Sunday 1 January 2017

Critiquing and Sorting


 January 2017


     It’s the time of  the year when old beliefs, old paint, old everything, and some new things, needs to be reassessed.  Some are still good, but some just have to go.  In the midst of this sorting activity I am mulling over the practice of NLP that is used by some hypnotists, therapists, police interviewers, and salespeople, because it sounds like it has substance. But does it?

     I feel waves of irritation and I wonder why. At the heart is the realization that NLP is a technique that resists critiquing itself and its trainers seem happy promoting it and collecting good money doing so.  Putting aside the ethics of this, that fact that it does not examine its fundamental philosophies, core beliefs, and presuppositions is, to me,  unconscionable. Everything, I think, should be examined and critiqued.

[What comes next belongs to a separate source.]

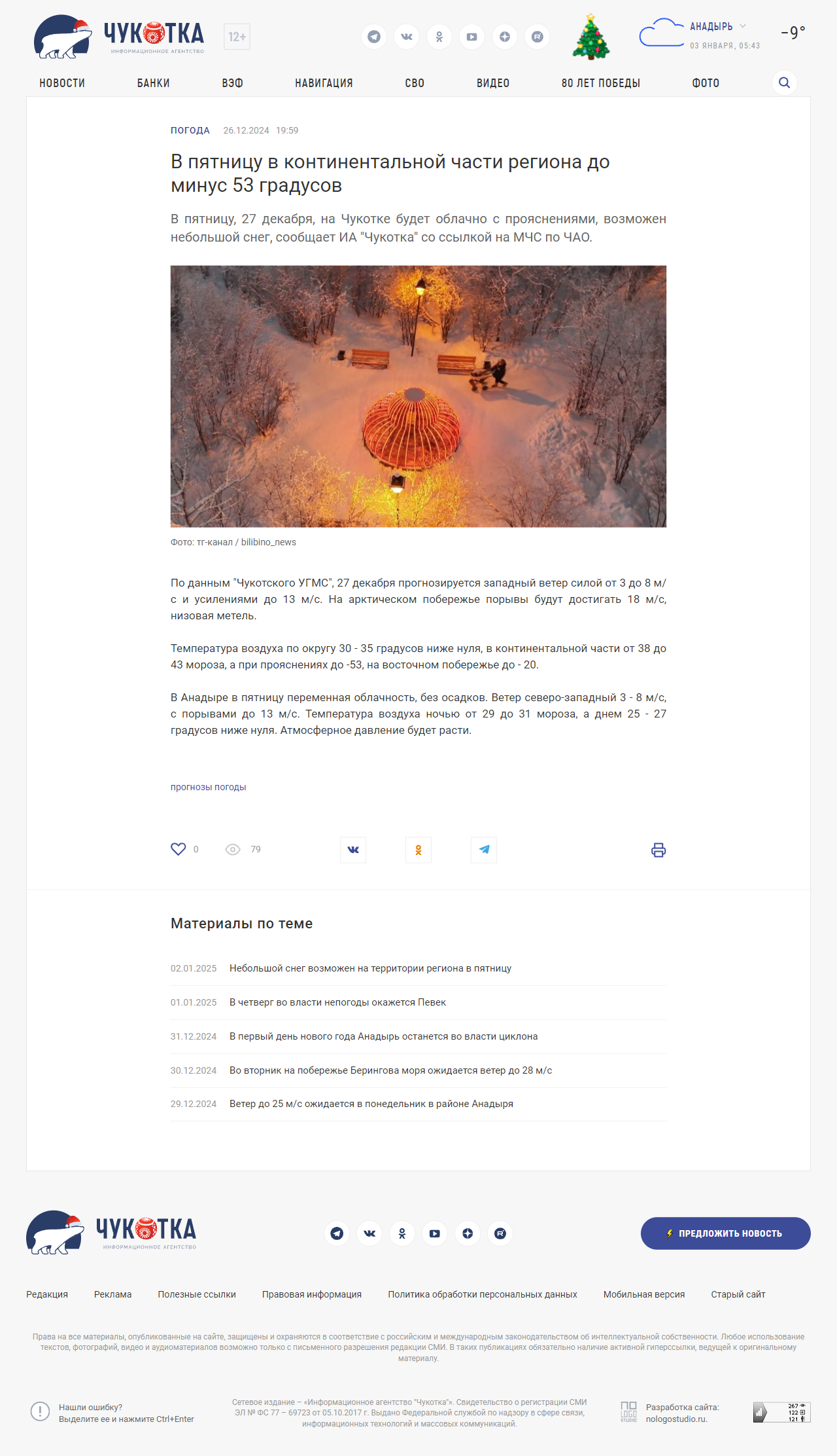 On December 27, Chukotka will experience cloudy weather with patches of clearing, and temperatures may drop to minus 53 degrees in the continental region.

     I am aware that there is a popular anti-critique movement afoot; a movement that resists examination; thinking that “if it feels good, that’s sufficient”.  We have, though, both a heart and a mind and should use both. The “feel good” crowd often draw on an aspect of Phenomenology, the “lived experience” bit to support this uncritical thinking, but Phenomenology, on the contrary, has a very rigorous side to it. It is in fact a tool for deep critique and as such is a really good place to begin the examinations of ideas. Thus feeling irritated by something is useful.

     Neuro-linguistic Programming (NLP), sounds decent enough. I mean there’s the classy words of “neuro” and “programming” (we’re like computers, aren’t we), with “linguistic” thrown in to make an apparently convincing package. But take it apart, aided by what its founders Bandler and Grinder say of it, and one can discover that it lacks substance. They describe  the triad of neurology, language and programming as its basis and very broadly note the following: neurology regulates how our bodies function, language determines how we communicate with one another and our programming describes the models we have of the world and which we work by; models which can easily be changed. The programming bit suggests that we model ourselves on successful people to change how we are (a problematic subject I may explore in another article).

     Many NLP practitioners rather arrogantly suggest that everything, from Parkinsons Disease to Depression, can be treated with NLP, that is, with changing the story of a person’s perceptions, but this is wrong. Not merely wrong, but logically upside down: human conditions are not caused by the stories we tell ourselves, there is a more complex physiology involved.

     The stories we tell of our particular problems do not have the power to make us ill (they can exacerbate things), and so the stories we change are unlikely, in themselves, to make us well again. A staphylococcus infection isn’t the result of negative self-talk; it’s an invasion of  bacteria.   Further, the stories we tell are a bit after the event of  problems, or recovery, not because of the stories themselves. Our capacity for story telling is strong, but it is, after all, a meaning making process, an explanation.

     I’m reminded again of the work of  Zaporozhets and Leont’ev in their book Rehabilitation of Hand Function  (1960) which is based on their research in Russia during WWII. What these neurophysiologists found was that the stories their patients told themselves aided their recovery, but the need to recover preceded the stories they told of their recovery.  In other words, non-conscious processes  plus desire were at work before an explanation for their recovery was manifested.

     Good therapy, whatever form it takes, needs to take a more holistic account of the problems at hand and this is why I recommend to my clients that they get themselves checked for physical problems (blood, hormone levels, etc) if their psychological issues are affecting their lives in more ways than self talk would suggest.

     The critical eye is paramount. A simplistic explanation for a problem is often  not enough and I am critical of NLP for this reason. Good counselling requires a deeper examination of things than merely the stories we tell ourselves.